A tour through classical machine learning — implemented and explained from the ground up. Each notebook tackles a real dataset, and this README walks you through what each method actually does, in plain language.
- Author: Mohammad Javad Maheronnaghsh
📘 New to ML? Every method below starts with a "💡 In plain English" box — no formulas, no jargon — so you can build intuition before touching the code.
Machine learning is about learning patterns from data instead of being explicitly programmed. The two main families:
- Supervised learning — you have labeled examples (input → correct answer) and the model learns to predict the answer for new inputs. Splits into:
- Regression → predict a number (e.g. house price).
- Classification → predict a category (e.g. spam / not-spam).
- Unsupervised learning — no labels; the model finds structure on its own (e.g. grouping similar items, compressing data).
| Folder | Methods | Type |
|---|---|---|
Regression/ |
Linear · Lasso/Ridge · Polynomial & Splines | Supervised (number) |
Classification/ |
Logistic Regression · Decision Tree · Bagging · AdaBoost · SVM · Neural Nets | Supervised (category) |
Classification/ (PCA, K-Means) |
PCA · K-Means | Unsupervised |
LDA and QDA/ |
Linear & Quadratic Discriminant Analysis | Supervised (category) |
NLP/ |
Naive Bayes text classification | Supervised (text) |
📚 The classic textbook An Introduction to Statistical Learning (ISLR) is included as a reference.
💡 In plain English: Regression draws the "best-fit" relationship between inputs and a numeric output, so you can predict that output for new inputs. Linear regression fits a straight line; if the line bends, you need a curve.

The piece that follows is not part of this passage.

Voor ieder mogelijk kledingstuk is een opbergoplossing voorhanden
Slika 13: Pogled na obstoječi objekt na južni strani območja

Insurance data — how charges relate to age. Regression learns the trend through points like these.
- Linear Regression — the foundational straight-line fit.
- Lasso & Ridge — linear regression with regularization: a penalty that keeps the model simple to avoid overfitting (memorizing noise instead of learning the trend). Lasso can even switch off useless features entirely.
- Polynomial Regression & Splines — fit curves instead of lines for non-linear data. But more flexibility isn't always better:

Choosing complexity: test error vs. polynomial degree. Too simple underfits; too complex overfits — the sweet spot is in between.
💡 In plain English: Classification sorts inputs into buckets. Logistic regression — despite the name — is a classifier: it outputs the probability that something belongs to a class (e.g. "85% likely diabetic").

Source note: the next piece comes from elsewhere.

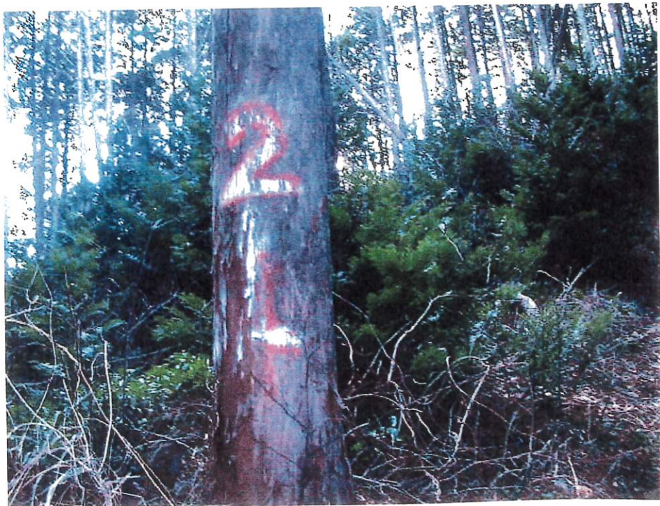
写 4 (II-4)

Before modeling, explore the data — here a correlation heatmap of the Pima diabetes features shows which ones move together.
- Logistic Regression — probabilistic linear classifier (on the diabetes dataset).
- Decision Tree — a flowchart of yes/no questions that splits data into classes.
- Bagging — train many trees on random subsets and average them to reduce variance (this is the idea behind Random Forests).
- AdaBoost — train models in sequence, each one focusing on the mistakes of the last (boosting).
💡 Why ensembles (Bagging / Boosting)? One model can be wrong; a committee of models that vote is usually more accurate and stable.
💡 Support Vector Machine (SVM): finds the boundary that separates two classes with the widest possible margin — the cleanest dividing line.
💡 PCA (Principal Component Analysis): a way to compress data by keeping only its most important directions of variation. Applied to face images, the "principal components" look like ghostly template faces (eigenfaces) that can be combined to reconstruct any face.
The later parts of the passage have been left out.